Figure 2. Spatial distribution of annual climatological mean 2-m surface temperature (T2m; °C) from (a) CRU, (b) ERAI, and (c) ERA5 for the periods 1981–2018, and the temperature biases for (d) ERAI – CRU (e) ERA5 – CRU, and correlation of annual average T2m (f and g) relative to CRU. Stippling denotes areas where differences or correlations are statistically significant at the 0.01 level
Dataset West Africa Guinea Coast Savannah Sahel ERAI –0.26 −0.84 –0.59 –0.26 ERA5 –0.30 –0.52 –0.18 –0.21 Table 1. Mean bias of temperature (in °C) of ERAI and ERA5 relative to CRU for West Africa and the three climatic zones.
The spatial distribution of mean precipitation over West Africa from 1981 to 2018 is shown in Fig. 3 for both CHIRPS observations and the reanalyses. The CHIRPS shows a zonal pattern, and the precipitation maxima associated with the Fouta Djallon highlands, the Cameroonian highlands, and Jos Plateau are also highlighted (Fig. 3a). Both the reanalysis simulations exhibit similar spatial patterns to CHIRPS, with the precipitation increasing from north to south. Although the reanalysis reproduces the zonal bands and localisations of precipitation maxima fairly well, their intensities vary (Figs. 3b-c). For example, ERAI reproduced the precipitation pattern with an underestimate over the two peak locations, one over Liberia and Sierra Leone and the other over the southern part of the Nigeria-Cameroon border. In addition, ERAI shows a significant precipitation bias and a widespread underestimation in northern West Africa (Fig. 3d). About a 109.85 mm difference between ERAI and CHIRPS exists over the entire West African domain (Table 2). It can be deduced that ERAI is excessively dry in the region’s northern belt, implying a lack of northward migration of the monsoon rainband and low rainfall intensities. ERA5, on the other hand, shows a significant reduction in dry bias over a large part of West Africa (i.e., an average of 56.08 mm dryness; Fig. 3e), even though the underestimation over the Sahel persisted. For example, the bias over Guinea highlands is reduced from 80% in ERAI to less than 20% in ERA5. In the sub-regions, drier conditions dominate the Savannah and Sahel, especially in the latter region, where a 252.33 mm and 117.02 mm reduction in precipitation is found in ERAI and ERA5, respectively. At the same time, precipitation overestimates of 13.83–87.33 mm is obtained in Guinea Coast (Table 2). The difference between CHIRPS and ERAI is greater when compared with that of ERA5.

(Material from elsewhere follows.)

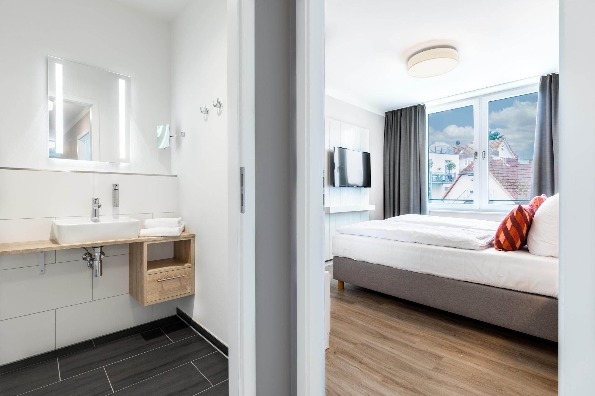 Das Badezimmer ist mit einer bodengleichen Dusche, WC, Waschbecken, Kosmetikspiegel und Haartrockner modern ausgestattet und sorgt für einen komfortablen Start in den Tag.

Figure 3. Spatial distribution of mean annual total precipitation (mm yr–1) from (a) CHIRPS, (b) ERAI, and (c) ERA5, and the precipitation biases (d) ERAI – CHIRPS, (e) ERA5 – CHIRPS, and the correlation of annual total precipitation values (f and g) for the 1981–2018 period. Stippling denotes areas where the differences or correlations are statistically significant at the 0.01 level.
Dataset West Africa Guinea Coast Savannah Sahel ERAI –109.85 87.33 –154.74 –252.33 ERA5 –56.08 13.83 –50.37 –117.02 Table 2. Mean bias of precipitation (in mm) of ERAI and ERA5 relative to CHIRPS for West Africa and the three climatic zones.
The temporal correlation between both precipitation reanalyses and CHIRPS observations from 1981 to 2018 displays spatial differences (Figs. 3f-g). ERA5 is significantly and positively correlated to CHIRPS across West Africa, with correlation coefficients of up to 0.9. Both negative and positive values exist in the correlation between ERAI and CRU, with an average of 0.1 over the entire region. The correlation in ERA5 improved significantly, attaining an average of 0.34. Values reaching 0.6 are obtained between longitudes 5°W and 5°E. This suggests that ERA5 is better at reproducing the variability of precipitation. Gleixner et al. (2020) obtained a similar result, suggesting that model physics, resolution, and data assimilation method advancements in ERA5 continue to improve precipitation simulations. A closer physical relationship between ERA5 and CHIRPS observations can be inferred based on the results.
-
The spatial pattern of the annual mean T2m temperature trend is depicted in Fig. 4a according to observation and reanalysis datasets. In the CRU observations, the most significant positive trends are observed across most parts of West Africa. Despite all three datasets agreeing on a warming trend across the region, ERAI shows a few patches of decreasing/cooling temperature along the coast from Sierra Leone to Senegal. This cooling trend of ERAI agrees with the results of Simmons et al. (2010) and Gleixner et al. (2020), which may be partially explained by a change in the source of analysis. Both studies showed a drop in temperature when comparing the 1998–2008 period to the 1989–1998 period and when analyzing temperature in the 1981–2017 period in ERAI (Gleixner et al., 2020). ERA5 exhibits a widespread significant positive trend across the West African region. This trend value in ERA5 is closer to the CRU observation except that the stronger positive trend extends further to the northwest part of the region. There are no areas in ERA5 that have a negative temperature trend. Overall, the slope of the trend is substantially closer to observations in ERA5 than ERAI, particularly across Guinea and the Savannah. Nonetheless, the warming trend in ERA5 is greater than in CRU.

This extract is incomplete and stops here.